[Task description]
Exactly as written, return all the data, leaving its pictures behind.

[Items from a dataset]

******************************

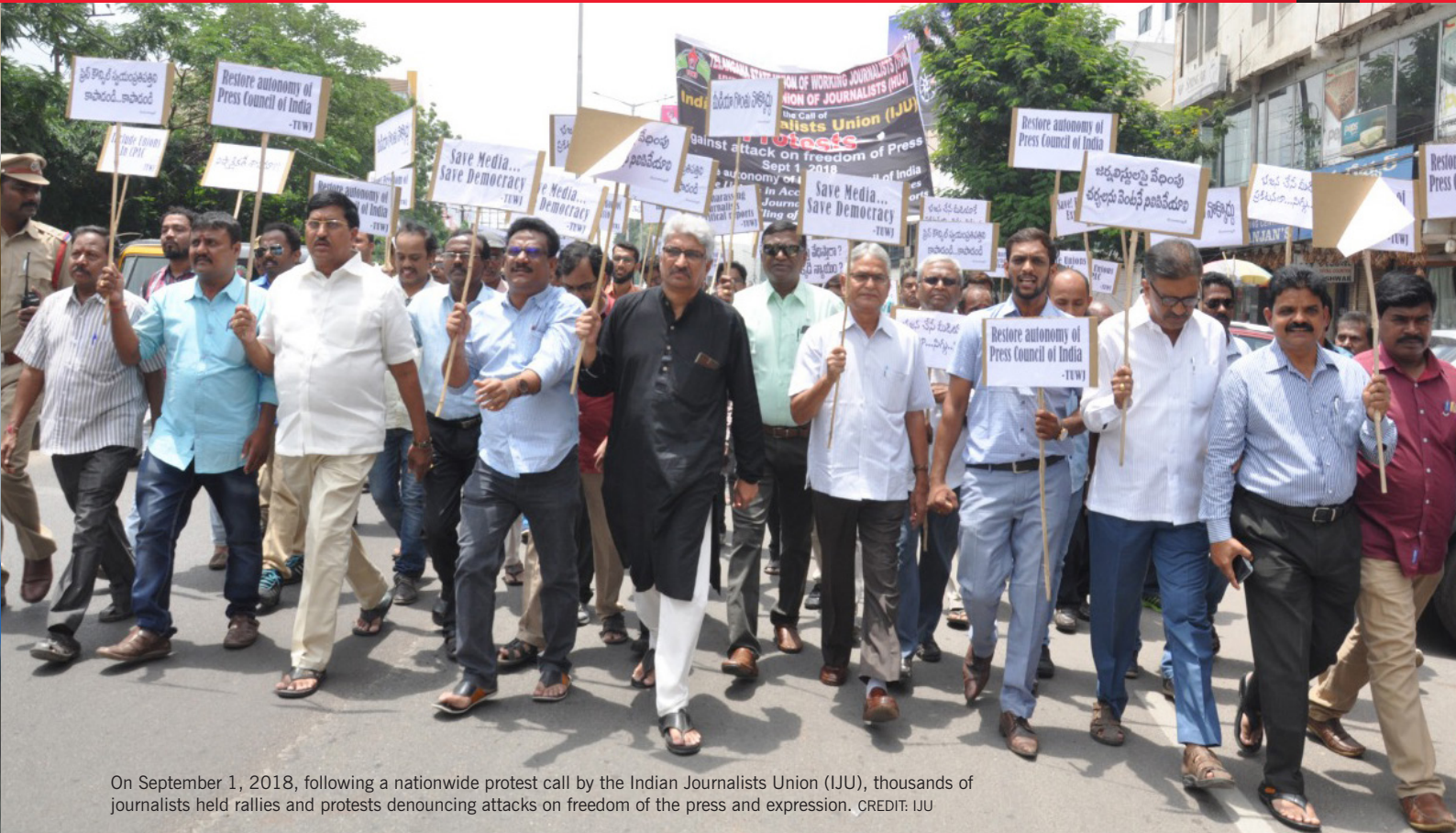
On September 1, 2018, following a nationwide protest call by the Indian Journalists Union (IJU), thousands of journalists held rallies and protests denouncing attacks on freedom of the press and expression.

detained in October by the Chhattisgarh Police for eight hours in Narayanpur in Bastar district without any specific charges and released only after their phones were checked and memory cards copied. Following a pattern of ever-rising attacks on journalists by both the state and non-state actors, the IJU and the National Union of Journalists India (NUJ I) have been demanding enactment of a safety law from the Central Government. The Maharashtra government already has one in place.
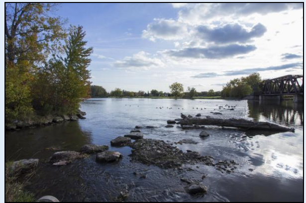
Rock arch ramp in the River Raisin providing fish passage throughout the River Raisin AOC and beyond.

The sediment clean up at the River Raisin AOC on the southeast portion of Michigan's Lower Peninsula in Monroe County is complete. Since 2010, U.S. EPA has provided more than $27 million in GLRI funding to accelerate implementation of actions to restore the AOC. The GLRI funds have leveraged an additional $18 million in state and private funding for AOC work. The federal, state, local, and private partnership projects have remediated over 150,000 cubic yards of PCB-contaminated sediment, restored over 300 acres (1.2 km 2 ) of aquatic habitat, and opened up an additional 23 miles (37 km) of the River Raisin to fish migration and spawning.
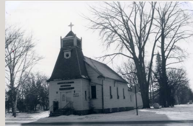
St. John's Lutheran Church Zimmerman
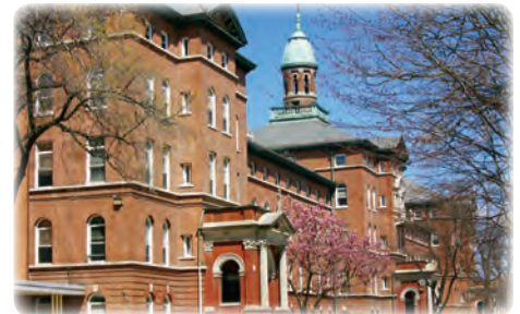
Sancta Maria in Ripa in St. Louis

four provinces are choosing to come together. Our sisters are currently in prayer and discernment, considering which of us will be elected to lead the anticipated Central Pacific Province. We will elect our new leadership team in March. We ask for your prayers as we move forward with this process.
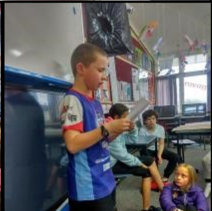
Room 4 presented their home learning.
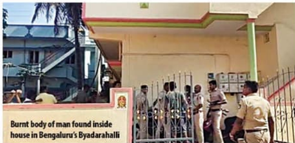
Burnt body of man found inside house in Bengaluru's Byadarahalli

Because behind every statistic is a relationship that went wrong. And in too many cases, it is ending in death.
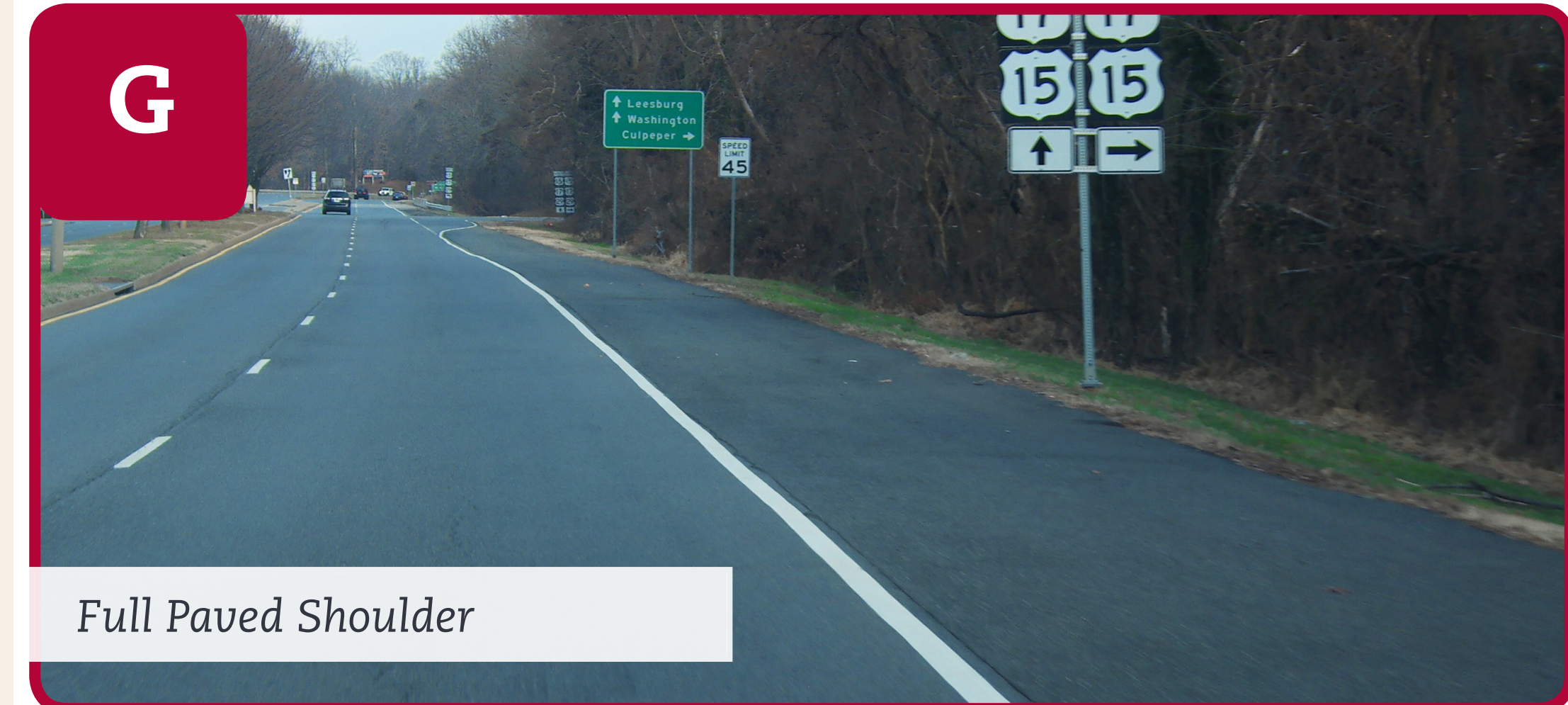
Full Paved Shoulder
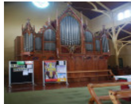
ST KILIANS CATHOLIC CHURCH SOHE 2008
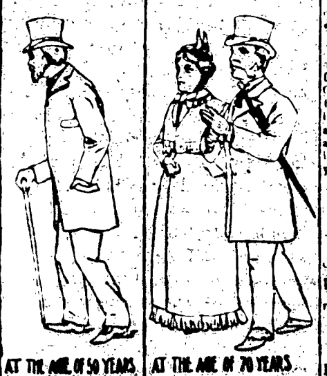
AT THE AGE OF 50 YEARS, AT THE AGE OF 70 YEARS.

Here's a bustle and an exhausted and weary look about the old grandma. He is now on his way to a place of amusement with his wife. He is not fatigued with his day's work, but is full of life and enjoys himself. There is nothing that makes a man of woman feel as young as these tablets. Take them and be young and happy again.
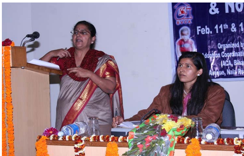
I st day Session-
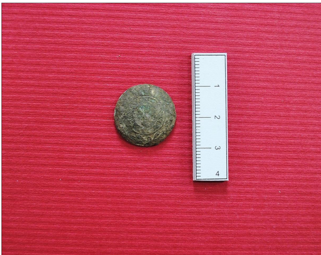
Plate 5 Find No. 31 – copper alloy button, front
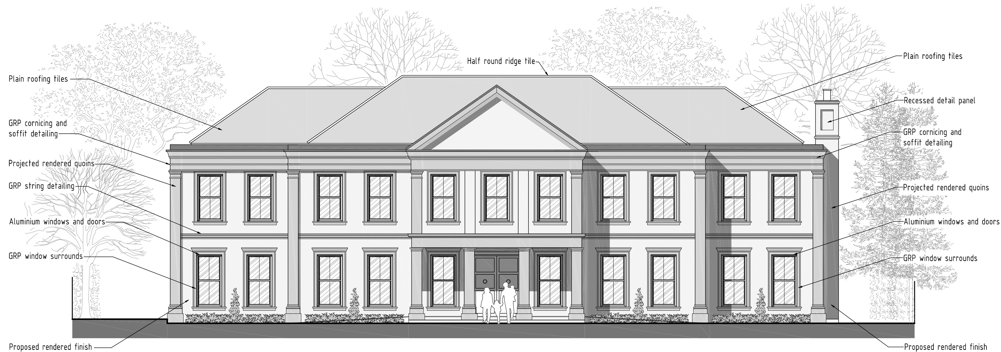
P R O P O S E D F R O N T E L E V A T I O N
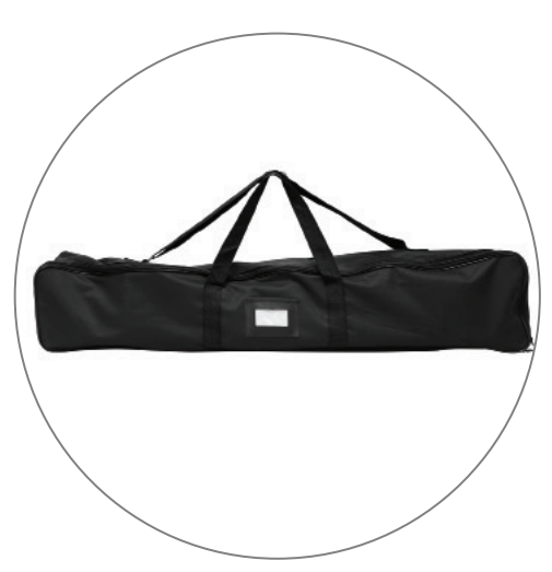
Qty 1 - Carry Bag
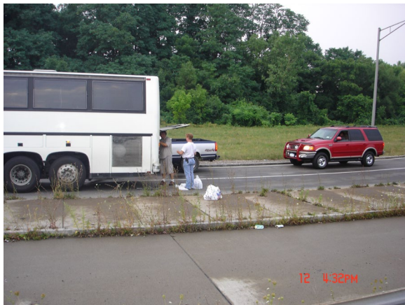
Walt Kolditz, the bus driver, and Jared Younggreen pouring transmission fluid into the bus

Our bus broke down just off the freeway and within a mile of our hotel. Many walked on ahead while the bus had several gallons of transmission fluid poured into it.
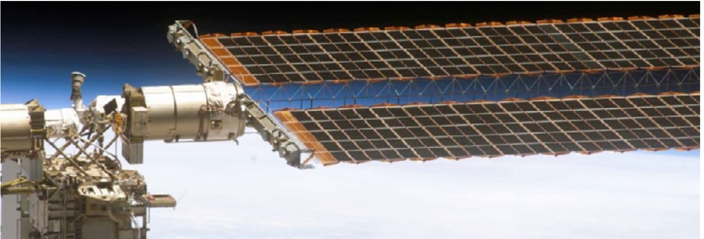
Flat flexible cables made with Pyralux® can be folded or even crumpled without affecting performance, and can be anywhere from a few feet to over 100 feet long.

Electrically insulating films/laminates and adhesive thermal tapes offer excellent thermal conductivity, lower thermal resistance, higher heat dissipation and improved thermal stability during continuous operation.
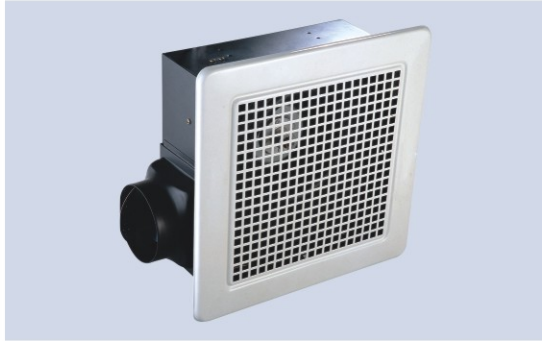
TUB215 FULL METAL
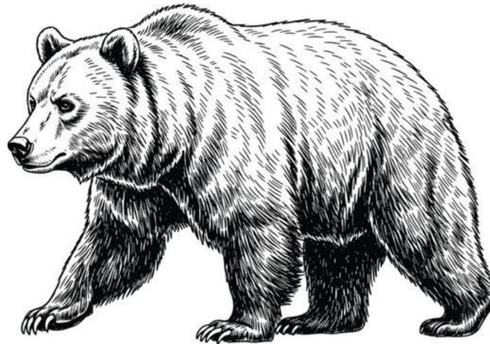
American Black Bear

Although large animals, black bears are surprisingly quick and agile. They can sprint up to 35 miles per hour and climb 100 feet up a tree within 30 seconds.

******************************

[Answer box]
On September 1, 2018, following a nationwide protest call by the Indian Journalists Union (IJU), thousands of journalists held rallies and protests denouncing attacks on freedom of the press and expression.

detained in October by the Chhattisgarh Police for eight hours in Narayanpur in Bastar district without any specific charges and released only after their phones were checked and memory cards copied. Following a pattern of ever-rising attacks on journalists by both the state and non-state actors, the IJU and the National Union of Journalists India (NUJ I) have been demanding enactment of a safety law from the Central Government. The Maharashtra government already has one in place.
Rock arch ramp in the River Raisin providing fish passage throughout the River Raisin AOC and beyond.

The sediment clean up at the River Raisin AOC on the southeast portion of Michigan's Lower Peninsula in Monroe County is complete. Since 2010, U.S. EPA has provided more than $27 million in GLRI funding to accelerate implementation of actions to restore the AOC. The GLRI funds have leveraged an additional $18 million in state and private funding for AOC work. The federal, state, local, and private partnership projects have remediated over 150,000 cubic yards of PCB-contaminated sediment, restored over 300 acres (1.2 km 2 ) of aquatic habitat, and opened up an additional 23 miles (37 km) of the River Raisin to fish migration and spawning.
St. John's Lutheran Church Zimmerman
Sancta Maria in Ripa in St. Louis

four provinces are choosing to come together. Our sisters are currently in prayer and discernment, considering which of us will be elected to lead the anticipated Central Pacific Province. We will elect our new leadership team in March. We ask for your prayers as we move forward with this process.
Room 4 presented their home learning.
Burnt body of man found inside house in Bengaluru's Byadarahalli

Because behind every statistic is a relationship that went wrong. And in too many cases, it is ending in death.
Full Paved Shoulder
ST KILIANS CATHOLIC CHURCH SOHE 2008
AT THE AGE OF 50 YEARS, AT THE AGE OF 70 YEARS.

Here's a bustle and an exhausted and weary look about the old grandma. He is now on his way to a place of amusement with his wife. He is not fatigued with his day's work, but is full of life and enjoys himself. There is nothing that makes a man of woman feel as young as these tablets. Take them and be young and happy again.
I st day Session-
Plate 5 Find No. 31 – copper alloy button, front
P R O P O S E D F R O N T E L E V A T I O N
Qty 1 - Carry Bag
Walt Kolditz, the bus driver, and Jared Younggreen pouring transmission fluid into the bus

Our bus broke down just off the freeway and within a mile of our hotel. Many walked on ahead while the bus had several gallons of transmission fluid poured into it.
Flat flexible cables made with Pyralux® can be folded or even crumpled without affecting performance, and can be anywhere from a few feet to over 100 feet long.

Electrically insulating films/laminates and adhesive thermal tapes offer excellent thermal conductivity, lower thermal resistance, higher heat dissipation and improved thermal stability during continuous operation.
TUB215 FULL METAL
American Black Bear

Although large animals, black bears are surprisingly quick and agile. They can sprint up to 35 miles per hour and climb 100 feet up a tree within 30 seconds.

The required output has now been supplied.